The best option clearly is to move to TLS 1.2 and use an authenticated encryption mode such as GCM and CCM. So far no attacks are known against those modes. Today all major browser vendors support TLS 1.2, so this is the best way forward.
However, it will take some time for users to upgrade browsers to a version that supports TLS 1.2. Therefore, the question today is whether to use RC4 or CBC-mode encryption in the SSL Record Protocol.
In my opinion the answer to this question depends on whether you have control over the SSL/TLS client, SSL/TLS server or both. Let’s try to clarify that.
First, if you only control the SSL/TLS server, you may want to rely only on server-side techniques to mitigate the above-mentioned attacks. In order to counter the Lucky 13 attack, you can implement an SSL/TLS library with constant-time CBC decryption. The only server-side technique to address BEAST consists of using RC4, which exposes you to the RC4 attack. So you have to choose: either you accept the BEAST attack, or the RC4 attack. Since the RC4 attack is the more difficult one, I would settle with RC4 in this case.
Second, if you only control the SSL/TLS client, you can mitigate the BEAST attack using 1/n-1 record splitting. So that leaves you with the choice of accepting either the Lucky 13 or RC4 attack. Since the RC4 attack is much less feasible than the Lucky 13 attack, I would go for RC4 again.

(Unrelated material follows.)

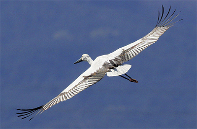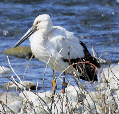 あしがら冬みず田んぼの会長で日本野鳥の会神奈川支部の伊豆川哲也さん(49)が、2月18日に酒匂川でコウノトリを撮影した。

Finally, if you control both the SSL/TLS client and server, the situation is different. In this case you can deploy 1/n-1 record splitting to avoid the BEAST attack, and constant-time decryption at the server-side to avoid the Lucky 13 attack. In this case, the best choice is to go for CBC-mode encryption, so that the RC4 attack is thwarted as well.
Bottom-line: it’s quite complicated today. The good news: it should all be much simpler in the future with TLS 1.2.